Nous l'avons eu, votre Rhin allemand, Il a tenu dans notre verre. Un couplet qu'on s'en va chantant Efface-t-il la trace altière Du pied de nos chevaux marqué dans votre sang ?
Nous l'avons eu, votre Rhin allemand. Son sein porte une plaie ouverte, Du jour où Condé triomphant A déchiré sa robe verte. Où le père a passé, passera bien l'enfant.
Nous l'avons eu, votre Rhin allemand. Que faisaient vos vertus germaines, Quand notre César tout-puissant De son ombre couvrait vos plaines ? Où donc est-il tombé, ce dernier ossement ?
Nous l'avons eu, votre Rhin allemand.
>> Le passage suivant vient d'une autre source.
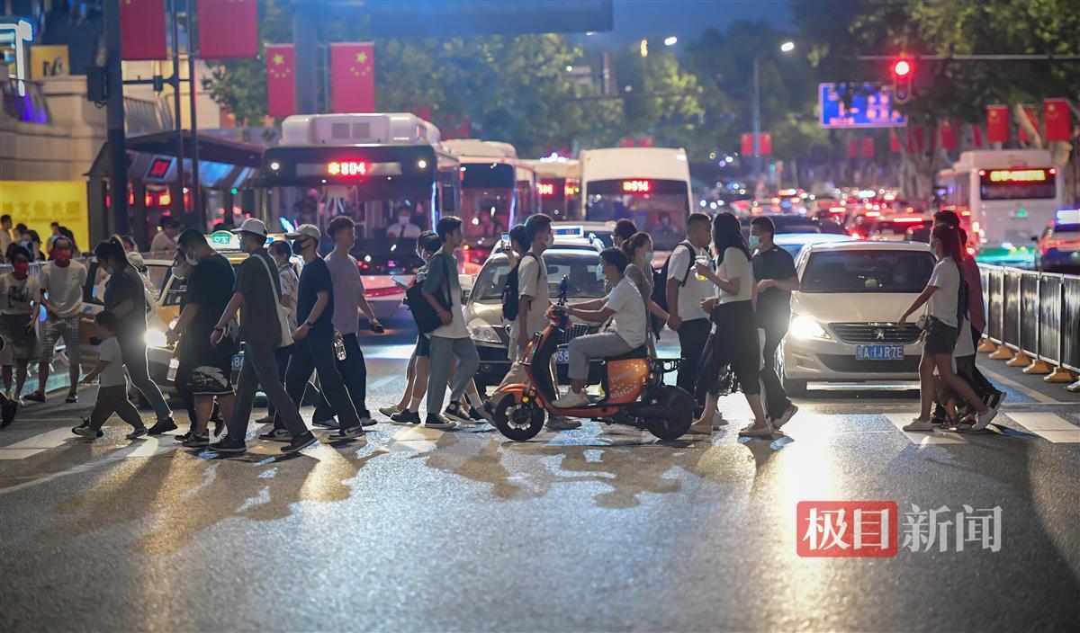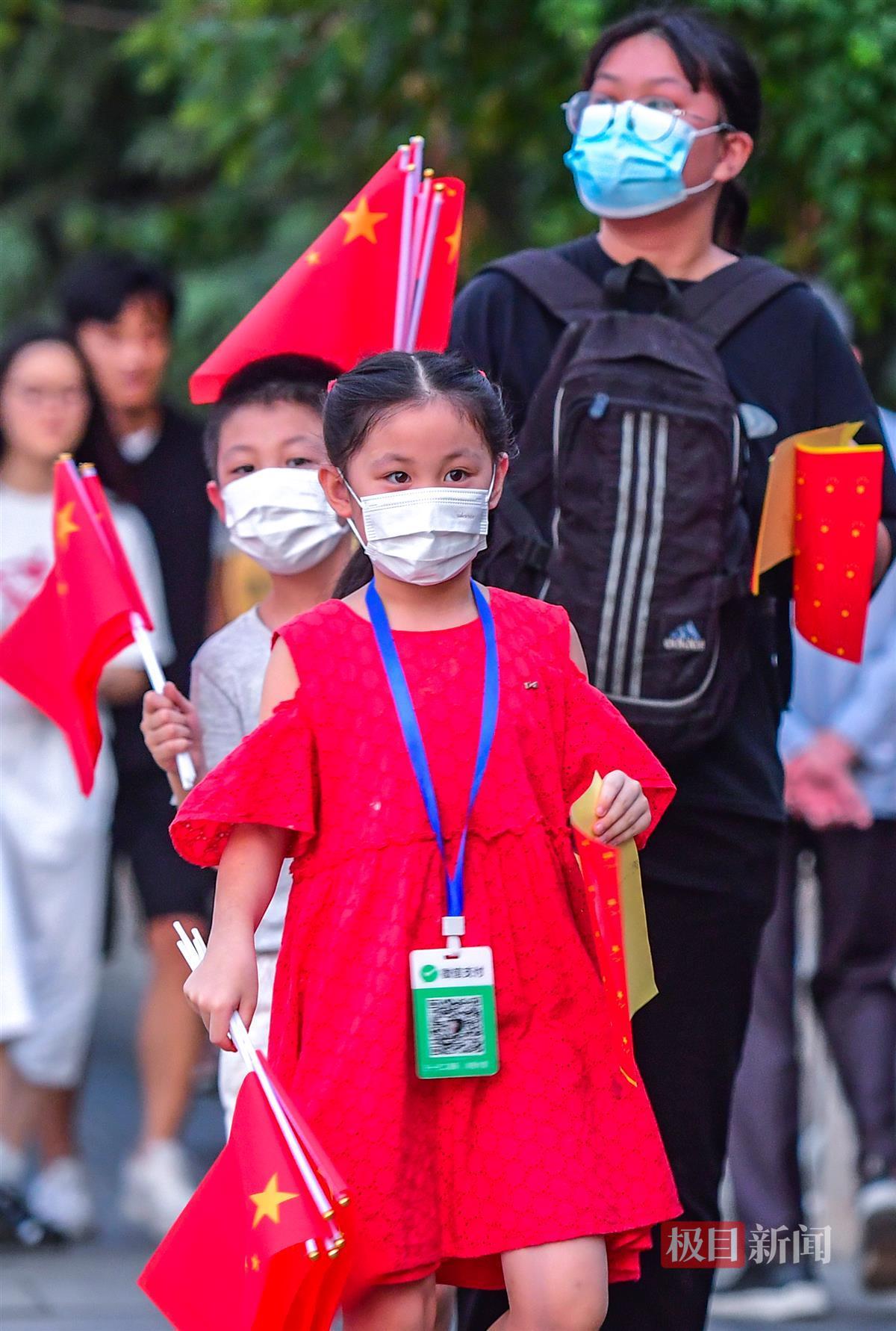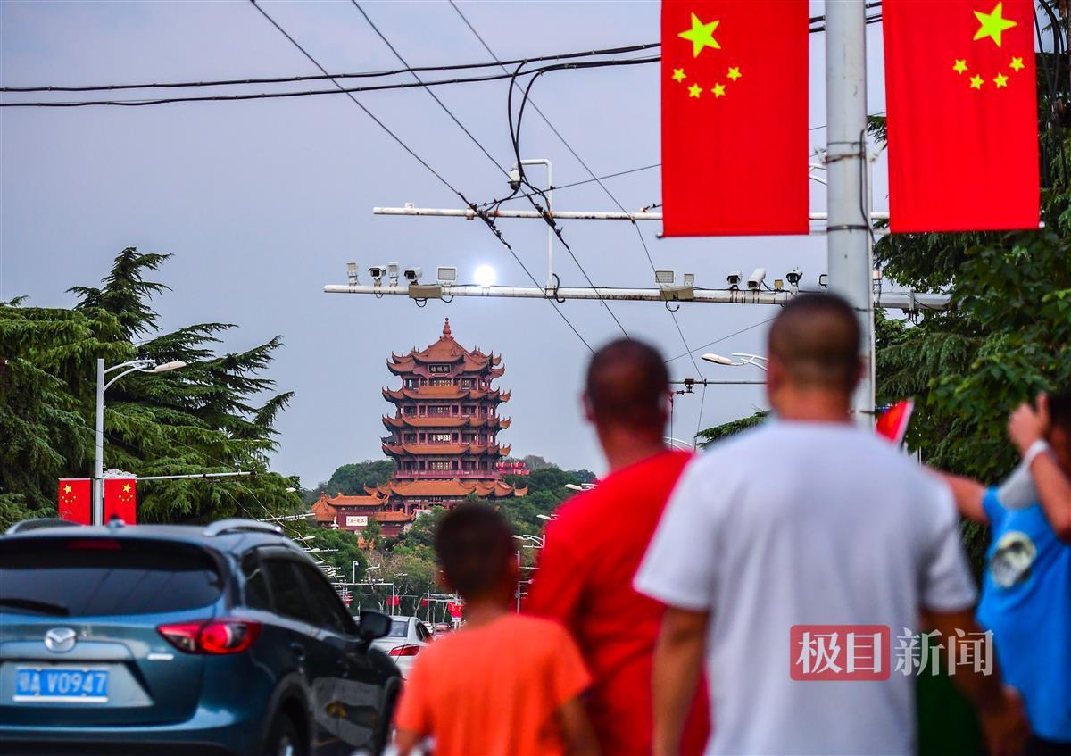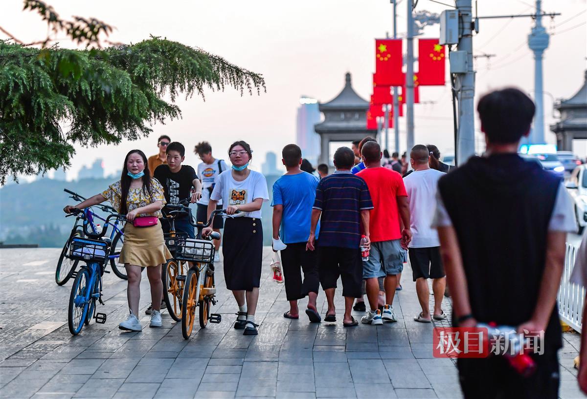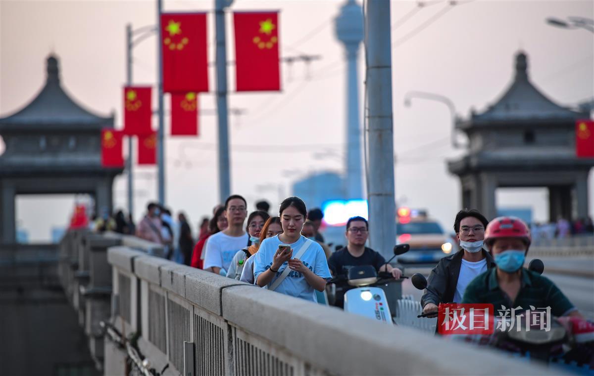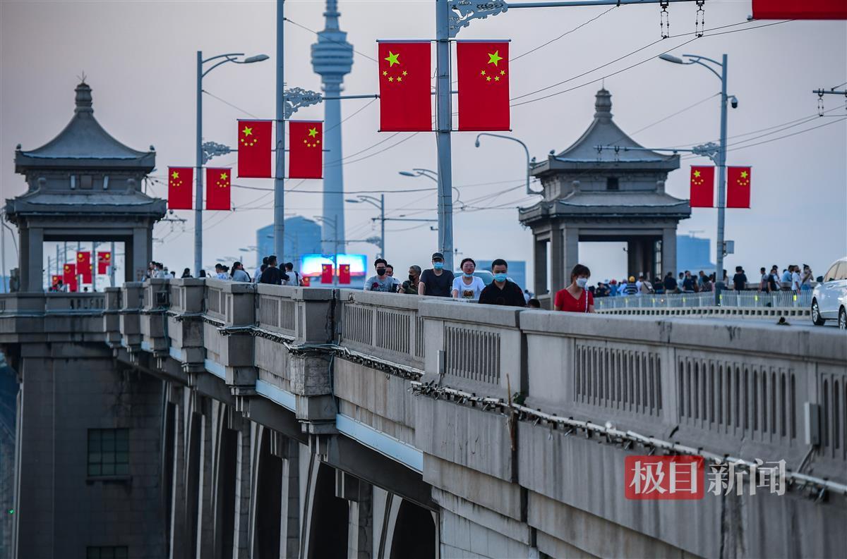 10月1日,武汉长江大桥上,两旁的人行道上熙熙攘攘、人头攒动,游客慕名而至,争睹“一桥飞架南北,天堑变通途”的壮丽景观。

Si vous oubliez votre histoire, Vos jeunes filles, sûrement, Ont mieux gardé notre mémoire ; Elles nous ont versé votre petit vin blanc.
S'il est à vous, votre Rhin allemand, Lavez-y donc votre livrée ; Mais parlez-en moins fièrement. Combien, au jour de la curée, Etiez-vous de corbeaux contre l'aigle expirant ?
Qu'il coule en paix, votre Rhin allemand ; Que vos cathédrales gothiques S'y reflètent modestement ; Mais craignez que vos airs bachiques Ne réveillent les morts de leur repos sanglant.